Parution de _Big Bang City : voyages en mégapoles d'Asie_
2016.
Addendum, 21 août 2018 : Big Bang City paraît au Québec le 6 septembre chez Leméac Éditeur dans la collection «Nomades»; si vous vivez en Amérique du Nord, c'est l'édition Leméac qui est en vente. Pour les Européens, c'est l'édition Publie.net.
Vient de paraître aux Éditions Publie.net, dans la collection "La Machine ronde" : Big Bang City : voyages en mégapoles d'Asie.
Ce livre imaginé juste avant de partir en Asie, en 2012, voilà qu'il paraît tout juste après que j'en suis revenu, fin 2015. Beaucoup, beaucoup d'expériences, en trois ans et demi d'Asie, dans tous les domaines du vivre – mais dans le domaine du livre, c'est Big Bang City qui pèse le plus lourd dans mes bagages rapportés.
Livre qui n'est que la trace d'une épreuve. Voyager et écrire – voyagécrire – dans les mégapoles d'Asie a été très difficile. C'est en cela, que j'assume ce livre, que je le porte et le rapporte. À quoi pensaient les explorateurs, en écrivant les récits de leurs périples? En les publiant? Au réel derrière. À l'épreuve. Ils ne tiraient pas fierté du récit en soi, mais de l'exploration amont que ce récit indiquait et réinventait. Par là, ils se différenciaient des romanciers. Même chose ici, à une différence près : la moitié de l'épreuve a été le voyage, l'autre moitié l'écriture.
Big Bang City reste un récit d'exploration. J'y tiens. C'était le désir à l'impulsion du projet. Le vieux genre du voyage (comme Nerval, Voyages en Orient) réinventé pour les villes contemporaines, et avec les outils de captation d'aujourd'hui (téléphone pour les photos, le son, la vidéo, tablette+clavier pour écrire et publier).
Les villes immenses d'Asie. Les nouveaux monstres levants : Manille, Jakarta, Beijing, Shanghai, Kolkata, Delhi, Mumbai, Bangkok. Ils sont la terra incognita de notre temps. On y passe, on y vit, mais on ne les explore pas. Pas assez. J'ai décidé de les arpenter. Et d'essayer d'en rapporter des merveilles.
J'ai écrit Big Bang City dans les villes même, au jour le jour. Maintenant, grâce à Publie.net, c'est devenu un livre dont on peut mesurer le poids.

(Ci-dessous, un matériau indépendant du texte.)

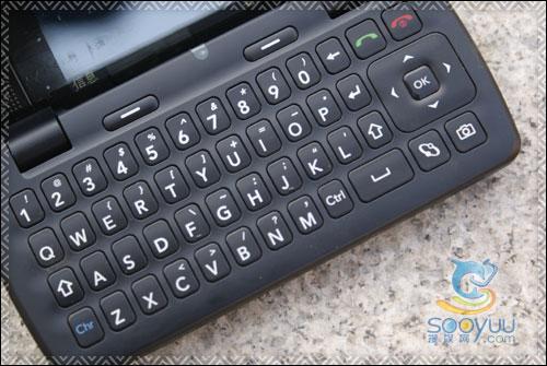侧翻盖里面的键盘是QWERTY全键盘,在键盘右下方位置是该机的主菜单键和拍照快捷键,键盘右侧还专门设置了方向键跟确定键。

Un gros livre de 480 pages. Un bouquin qui porte l'expérience de lecture de notre époque d'images et de web : beaucoup de photos, des liens vers de l'audio et de la vidéo. Merci à Roxane Lecomte pour la création graphique, à Guillaume Vissac pour le travail édito, à Christine Jeanney pour la correction.
Et merci, enfin, à Sébastien Ménard pour la préface, que je reproduis ci-dessous.
Préface, par Sébastien Ménard
Big Bang City, c’était d’abord une expérience double, celle du voyage et celle de l’écriture. En 2012, à travers son blog, nous avons vu Mahigan organiser son départ, se préparer au nomadisme, et enfin quitter Montréal. Puis c’était l’Asie. Les articles apparaissaient sur le blog, des mots, des images. Nous l’avons suivi. Il y eut des hésitations, des sites ouverts puis laissés de côté, des notes de voyage, des réflexions. Des abandons sans doute aussi. De nombreuses pistes ouvertes : le chantier de l’écriture.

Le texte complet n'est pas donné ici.